We modified ME-TRPO repository for deployment-efficient or offline settings.

Dependencies

We recommend you to use Docker.

You can use Python 3.6. You must download MuJoCo 1.31 from https://www.roboti.us/, and then install package dependencies.

pip install -r requirements.txt

(Option) Collect data with another codebase

You must use Behavior Regularized Offline Reinforcement Learning codebase for data collection. Follow their instruction and collect 1M transitions with each noise strategies (pure, eps1, eps3, gaussian1, gaussian3).
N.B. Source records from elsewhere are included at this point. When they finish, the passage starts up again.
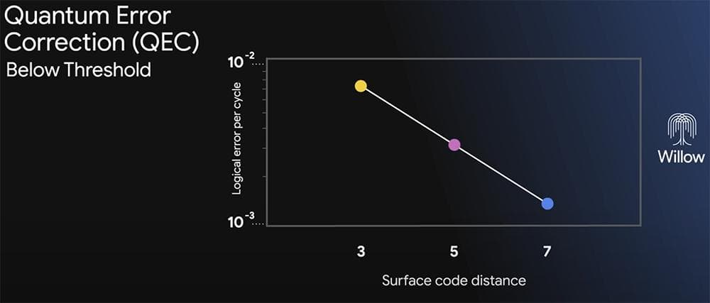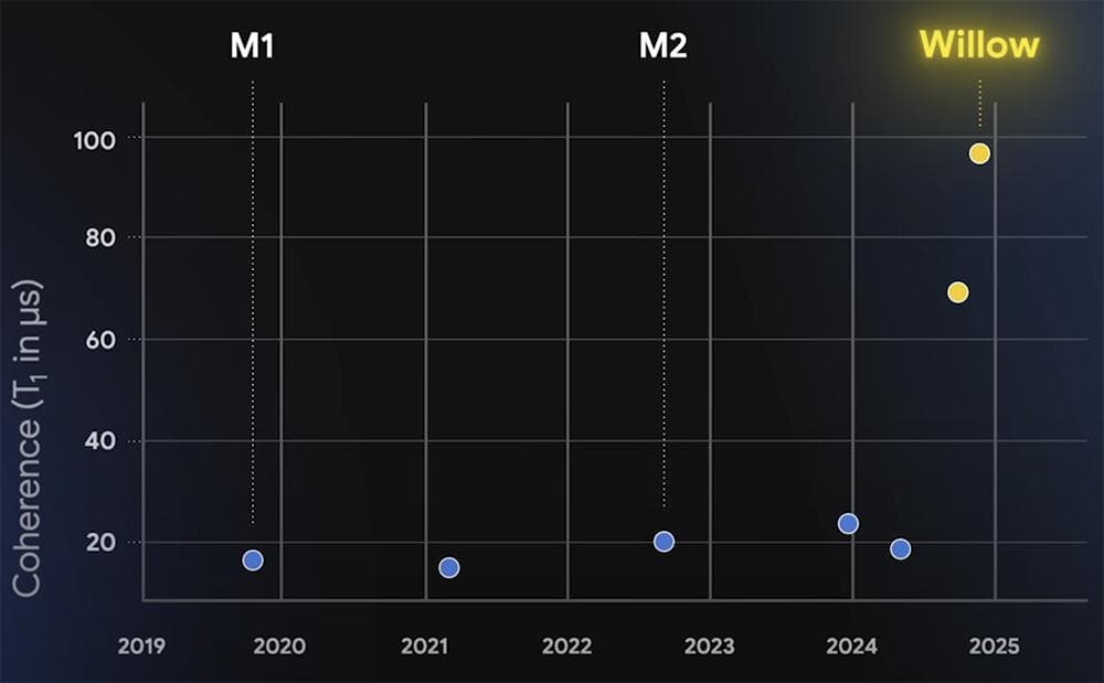 如图所示,Willow的最新结果是谷歌迄今为止最好的。
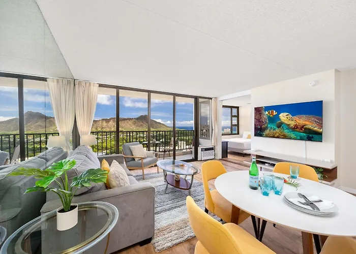 호놀룰루 Gorgeous Diamond Head Views From 34Fl With Free Parking 아파트는 로열 하와이언 센터에서 1.4km 떨어져 있습니다. 투숙객들은 1개 침실에 수용될 수 있습니다.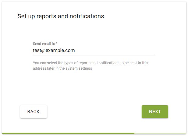 After enabling cloud replication, enter an email address to send all appliance reports and notifications to.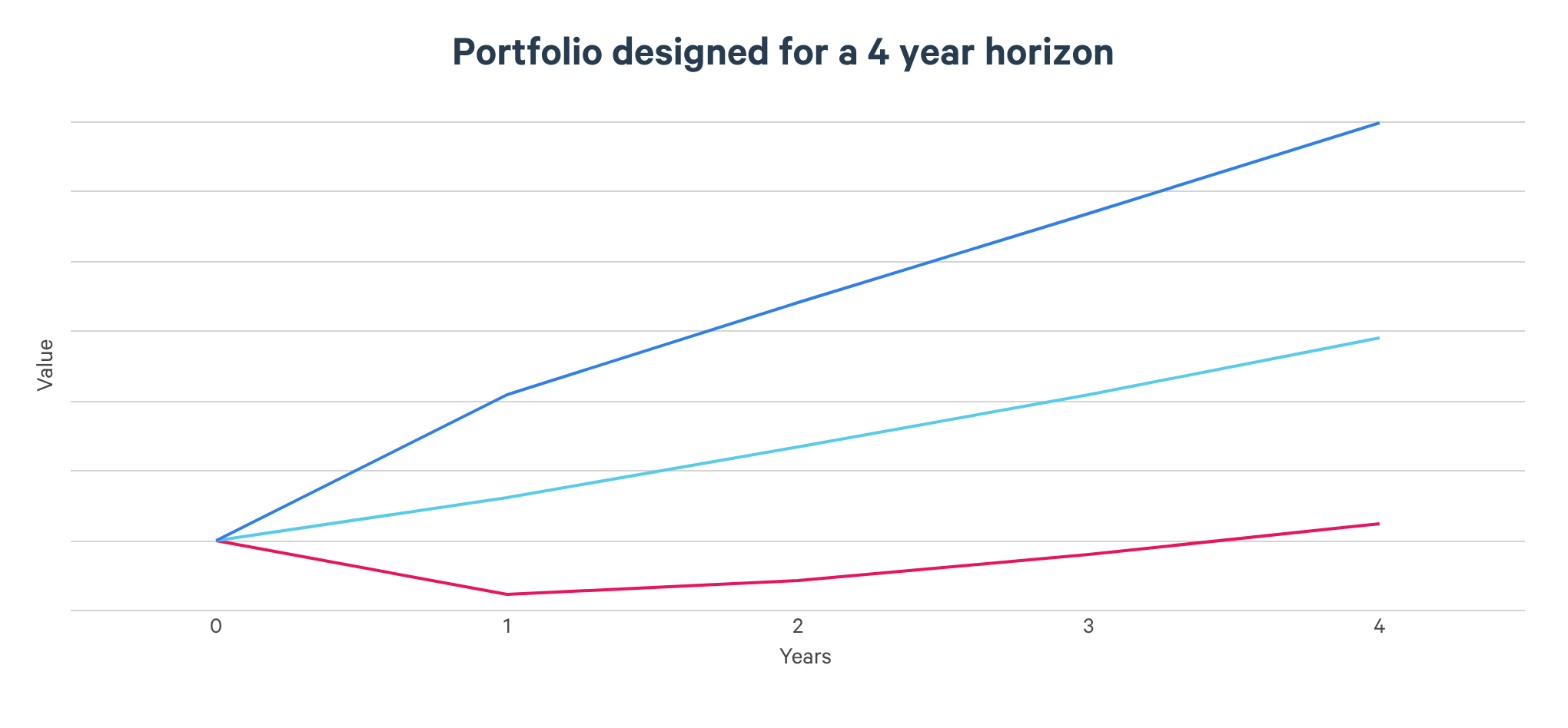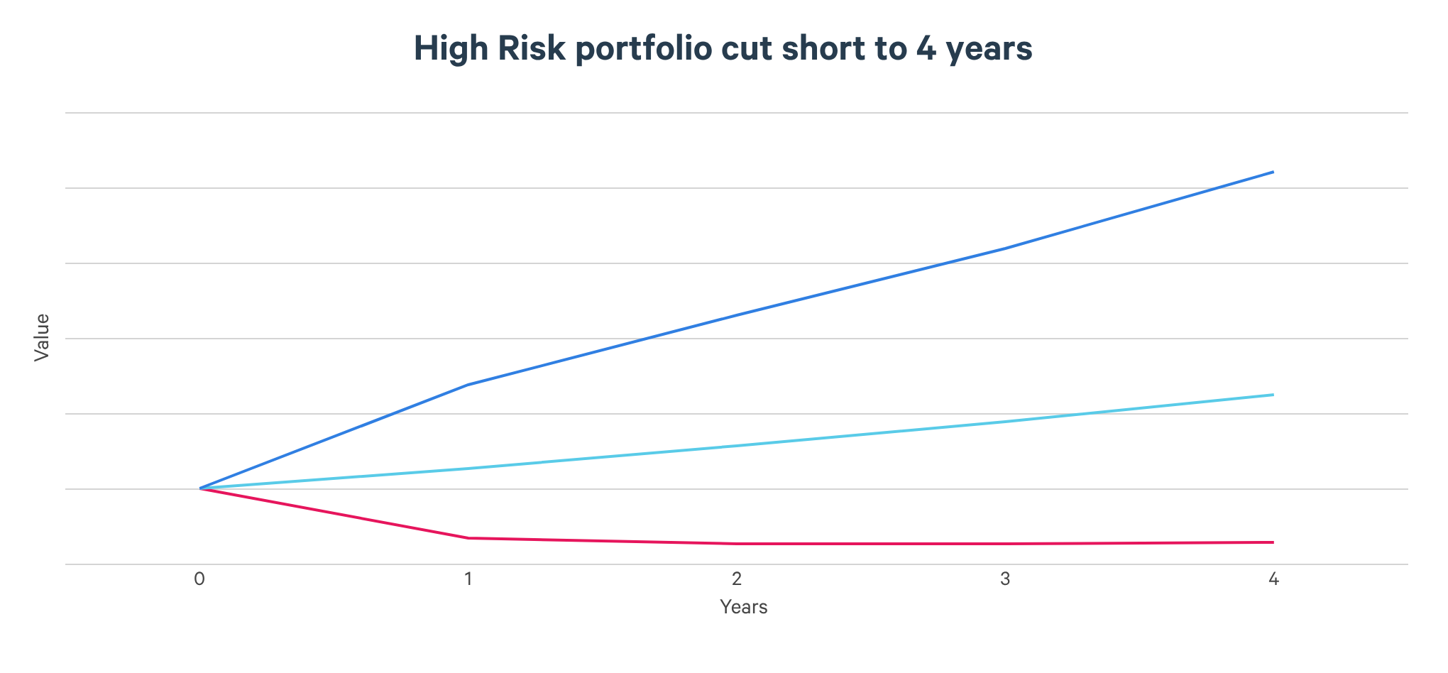 CLIENT 1This client presents as high capacity for risk with a 10+ year horizon. Then they decide they want to sell their assets after four years with no notice. The issue here is that after four years, in a bad market environment (red line), the portfolio could have lost more than it would have done in a portfolio designed for a four-year horizon. The central case and upside, on the other hand, would have delivered a better outcome though.

If you are interested in deployment-efficient settings, it is enough to collect transitions with pure strategy. After the data collection, put data.data-00000-of-00001 and data.index to the ./data/<Agent name>/pure/

e.g. ./data/Ant/pure/data.data-00000-of-00001, ./data/Ant/pure/data.index

Note: This procedure is needed for offline experiments. If you just run deployment-efficient experiments, you can skip. However, this must be done if you want to save video of your policy (because of the normalization of state and action).

(Option) Visualize deployment-efficient RL results

This repository contains pre-trained policies of BREMEN in deployment-efficient settings with batch size 200k (Top row in Figure 2). Save video for the visualization of the results using the following command:

e.g.

python save_video.py --env ant --param_path configs/params_ant_offline.json --video_dir <relative path to the video save dir> --restore_path ./weights/Ant/policy.ckpt --restore_policy_variables --n_train 50000

You can use four pre-trained policies of BREMEN ant, half_cheetah, hopper, walker2d. (This process requires offline data for the normalization of state and action.)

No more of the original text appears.